In its most recent corporate development, Lee Enterprises rejected the unsolicited offer by hedge fund Alden Global Capital, LLC to purchase the company for $24 per share in cash, or roughly $141 million. Chairwoman Mary Junck complained, “The Alden proposal grossly undervalues Lee and fails to recognize the strength of our business today, as the fastest-growing digital subscription platform in local media, and our compelling future prospects.”
In its most recent quarterly earnings report, the fiscal year, first-quarter data published Feb. 3, Lee Enterprises recorded $202 million in operating revenue, down from $211.8 million one year earlier, and net loss of $541 million versus the $501 million net loss from the previous fiscal year, first quarter. The company ended the quarter with $2.21 basic earnings per share — 12 months earlier, it was $2.79.
Kevin Mowbray, president and CEO, shared the data by noting, “For the first quarter, we posted 69% growth in revenue from our Amplified Digital Agency, 26% growth in digital-only subscription revenue, and continued growth at TownNews, our SaaS content platform. Total Digital Revenue increased 17% to $55 million in the quarter.
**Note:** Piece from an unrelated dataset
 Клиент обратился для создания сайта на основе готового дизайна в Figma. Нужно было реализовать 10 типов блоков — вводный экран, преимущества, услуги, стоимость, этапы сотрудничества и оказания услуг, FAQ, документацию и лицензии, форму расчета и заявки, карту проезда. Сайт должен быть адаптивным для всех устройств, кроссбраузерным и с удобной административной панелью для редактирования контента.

Excluding political advertising, which generated uniquely high revenue during the prior-year quarter, Total Digital Revenue increased 25% in the quarter … Total print and digital subscribers increased 7% in the first quarter compared to the same quarter last year due to rapid digital-only growth. Lee now has 450,000 digital-only subscribers, up 57% in the quarter, which represents more than half of our 900,000 digital-only subscribers target that builds our pathway to a vibrant digital-centric business.”
Lee Enterprises’ shares opened for trading on Wednesday at $28, sandwiched between its 52-week range of $18.45 to $44.43.
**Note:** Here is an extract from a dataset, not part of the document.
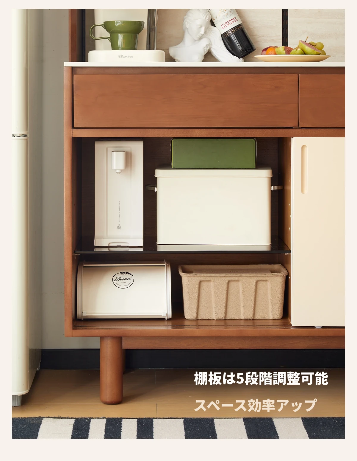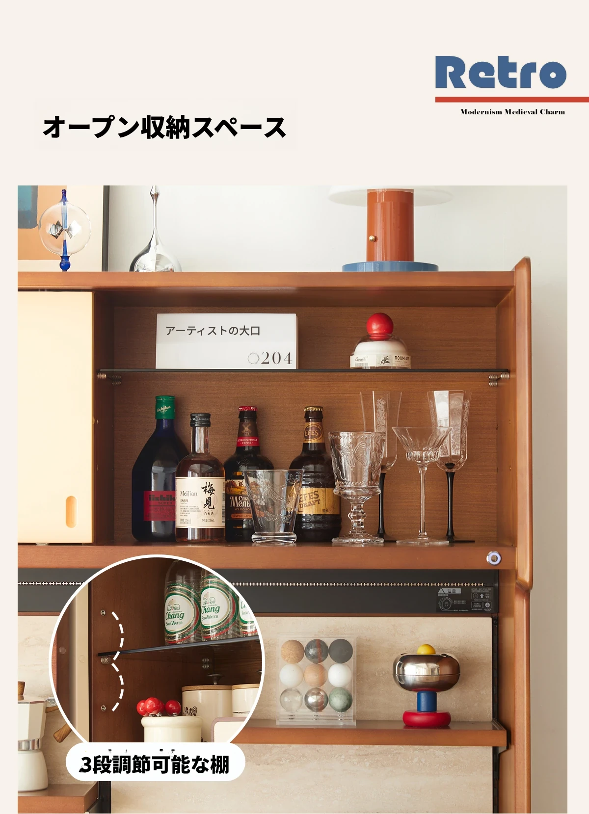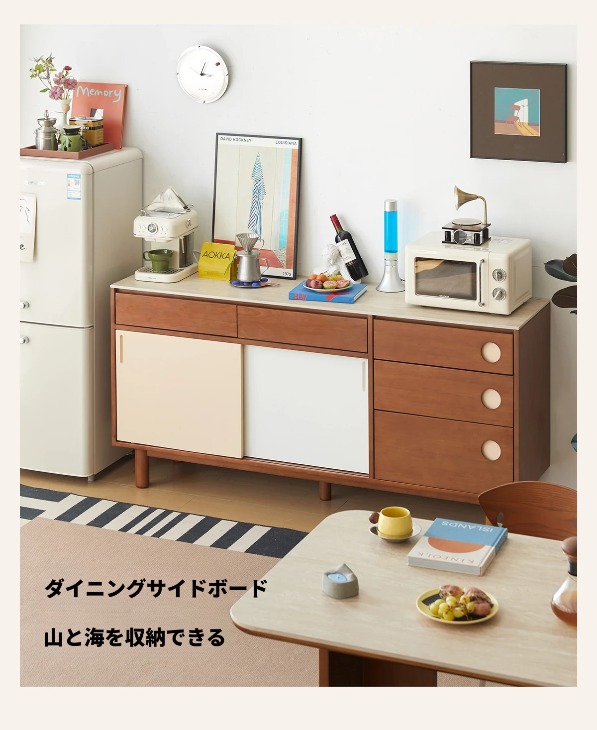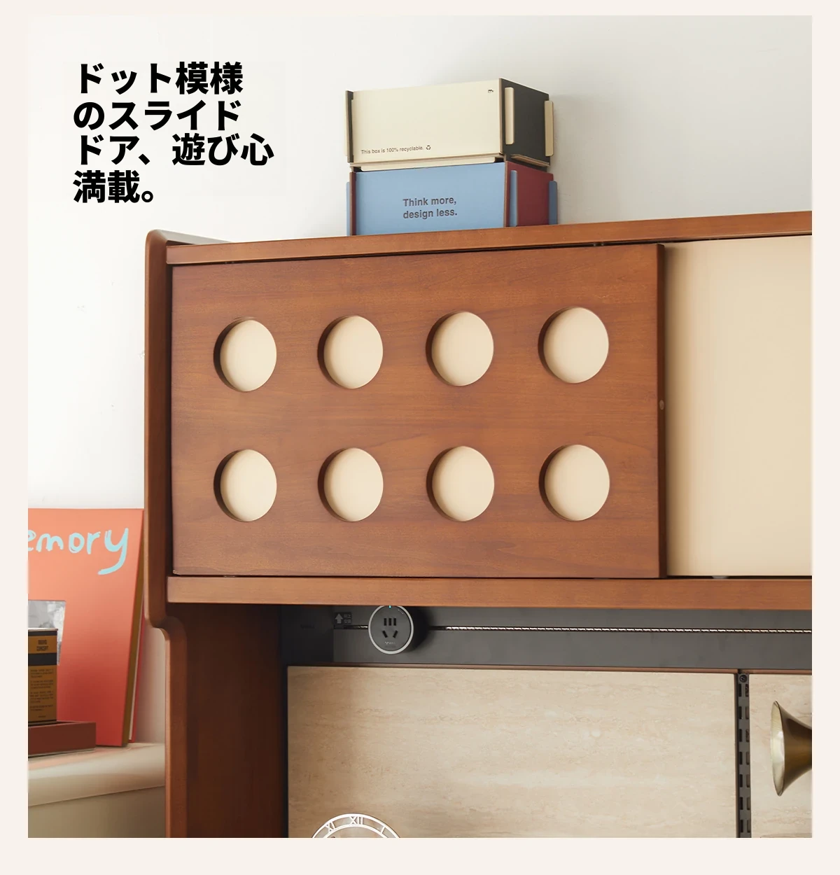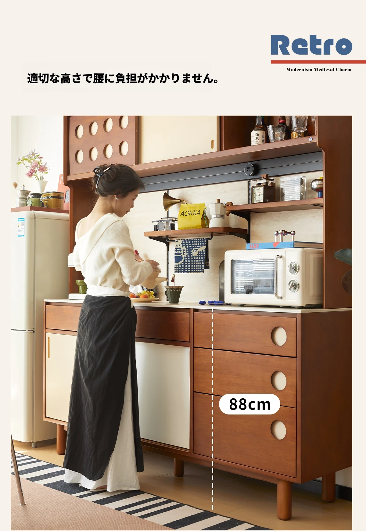 栗子公園の夏限定!実木製のレトロ風デザイン、洞石岩板使用の壁面一体型キャビネット。リビングにぴったりな収納力抜群の高級収納キャビネットで、スタイリッシュな空間を演出!

The Verdict: Admittedly, this Stock Wars duel offers players from two very different corners of the media world — a Midwestern newspaper enterprise that adapted itself into the digital world and a New York City cutting-edge online resource that reinvented itself from being a silly distraction to a prominent (if somewhat erratic) news outlet.
Lee Enterprises seems to be doing something right, as Alden Group has continued (with no success) to convince the company’s shareholders to accept its takeover bid — going so far as to lobby shareholders to vote no on the company’s director slate and suing the company over the election of directors.
BuzzFeed doesn’t seem to be doing anything right lately — and any company that has multiple stories of internal revolts percolating into the news has a human resources infection that needs to be cauterized. The company’s shares are also trading too low for comfort.
The verdict on this Stock Wars is fairly easy: Lee Enterprises is a stable company that will be a reliable presence in a portfolio. As for BuzzFeed, whether it can steer itself into smoother waters remains to be seen.